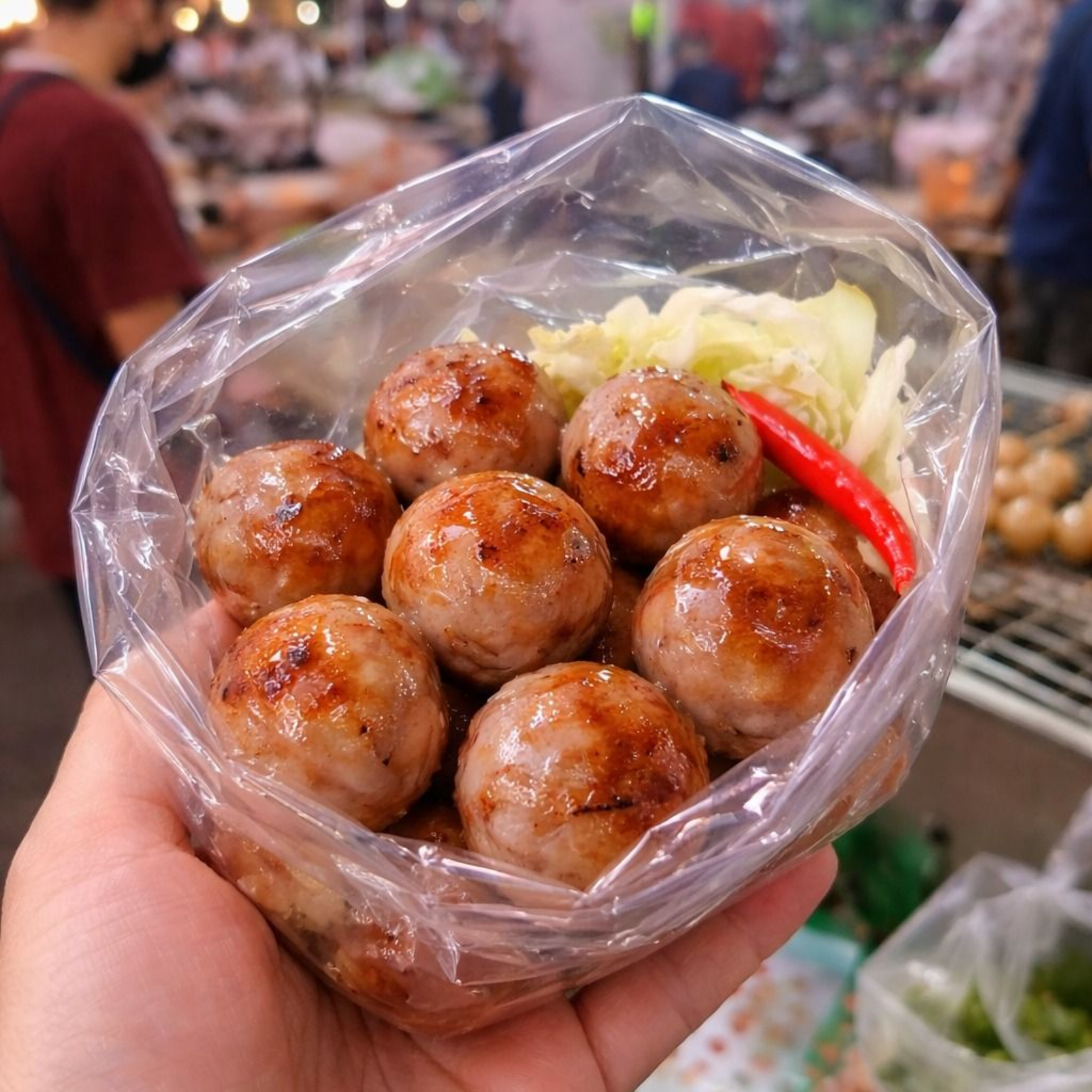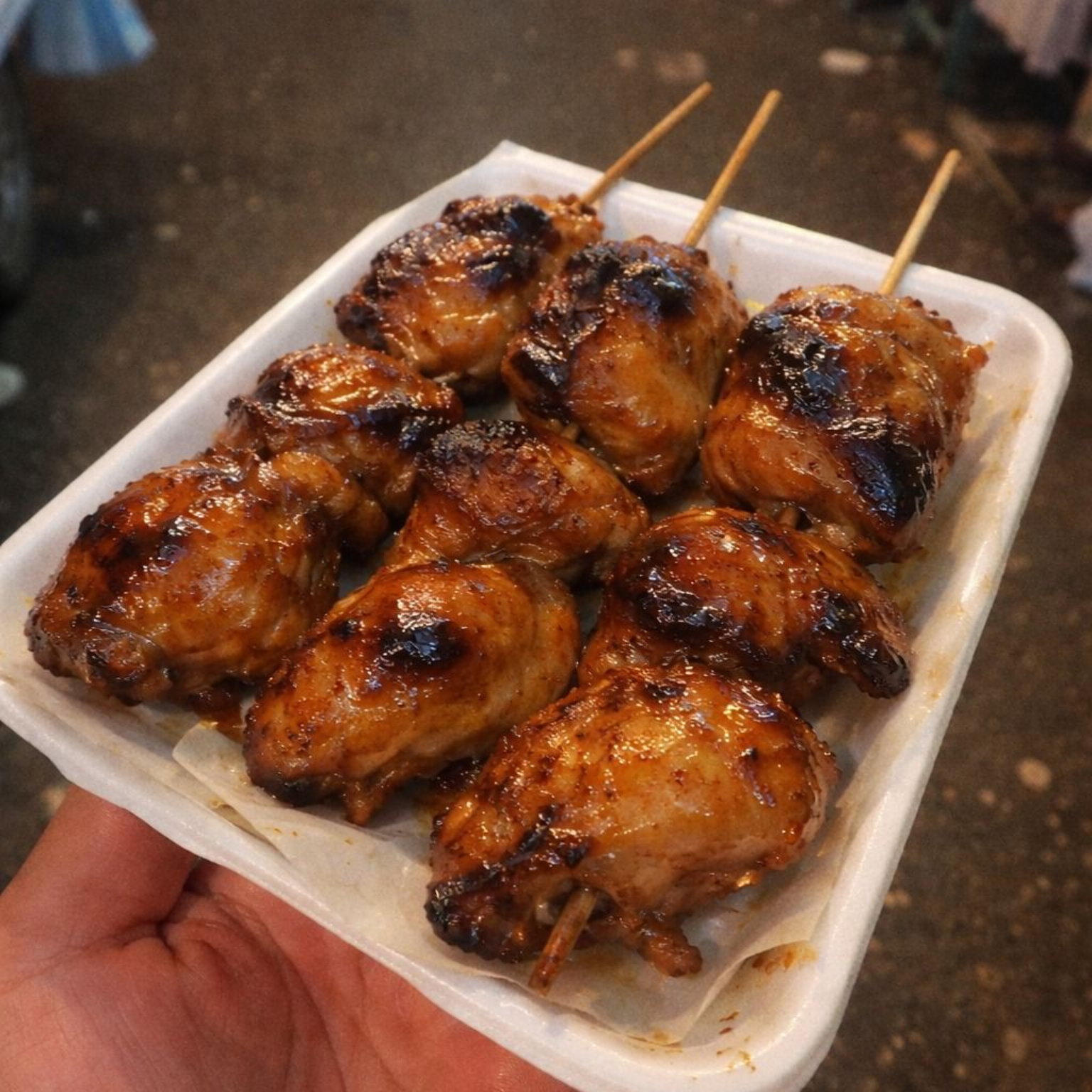 Smoky, juicy, slightly sweet and only a few baht per stick. Best in the morning from roadside grills.
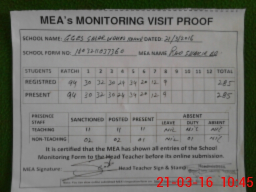 | Attendance Register | Head Teacher | MEA with School | Visit Proof |
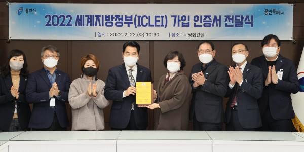 용인시가 22일 친환경 생태도시의 국제적 위상 확보를 위해 추진해 온 이클레이(ICLEI, 세계지방정부협의회) 공식 가입 인증서를 전달받고 정식 회원으로 활동을 시작한다. 이날 시장실에서 열린 인증서 전달식에는 백군기 용인시장, 박연희 이클레이 한국사무소장, 손봉희 이클레이 한국사…
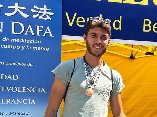Diego unterschrieb die Petition in der Hoffnung, so seinen Teil zur Beendigung der Verfolgung beitragen zu können. Anschließend bat er darum, die Übungen kennenzulernen. Nachdem er sie ausprobiert hatte, empfand er sie als sehr wohltuend. Er informierte sich weiter über Falun Dafa und erklärte, dass er nach seiner Rückkehr einen örtlichen Übungsplatz aufsuchen werde.
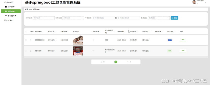 项目经理有权限在领取申请界面中查看材料领取申请单,对不同的申请资料进行审核通过。领取申请界面如图5-10所示。
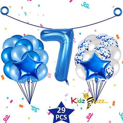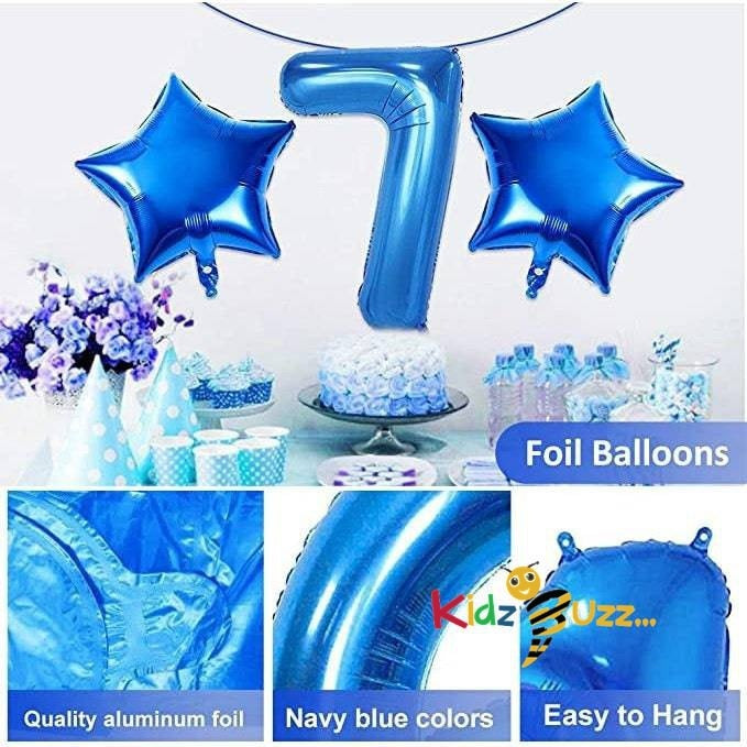 【Value Decoration Set】- You will get 1pcs * 32 inch blue number 7 balloon, 2pcs * 18 inch blue star foil balloons, 2pcs * 5 meter dark blue ribbons, 6pcs * 12 inch blue confetti balloons, 6pcs * 12 inch baby blue latex balloons, 6pcs * 12 inch dark blue...

**What you will do**
Leaving the pictures out, transcribe word for word the lines from the one with "용인시가 22일 친환경" to the end of the material above, inclusive, and nothing else.

**Finished exercise**
 용인시가 22일 친환경 생태도시의 국제적 위상 확보를 위해 추진해 온 이클레이(ICLEI, 세계지방정부협의회) 공식 가입 인증서를 전달받고 정식 회원으로 활동을 시작한다. 이날 시장실에서 열린 인증서 전달식에는 백군기 용인시장, 박연희 이클레이 한국사무소장, 손봉희 이클레이 한국사…
Diego unterschrieb die Petition in der Hoffnung, so seinen Teil zur Beendigung der Verfolgung beitragen zu können. Anschließend bat er darum, die Übungen kennenzulernen. Nachdem er sie ausprobiert hatte, empfand er sie als sehr wohltuend. Er informierte sich weiter über Falun Dafa und erklärte, dass er nach seiner Rückkehr einen örtlichen Übungsplatz aufsuchen werde.
 项目经理有权限在领取申请界面中查看材料领取申请单,对不同的申请资料进行审核通过。领取申请界面如图5-10所示。
 【Value Decoration Set】- You will get 1pcs * 32 inch blue number 7 balloon, 2pcs * 18 inch blue star foil balloons, 2pcs * 5 meter dark blue ribbons, 6pcs * 12 inch blue confetti balloons, 6pcs * 12 inch baby blue latex balloons, 6pcs * 12 inch dark blue...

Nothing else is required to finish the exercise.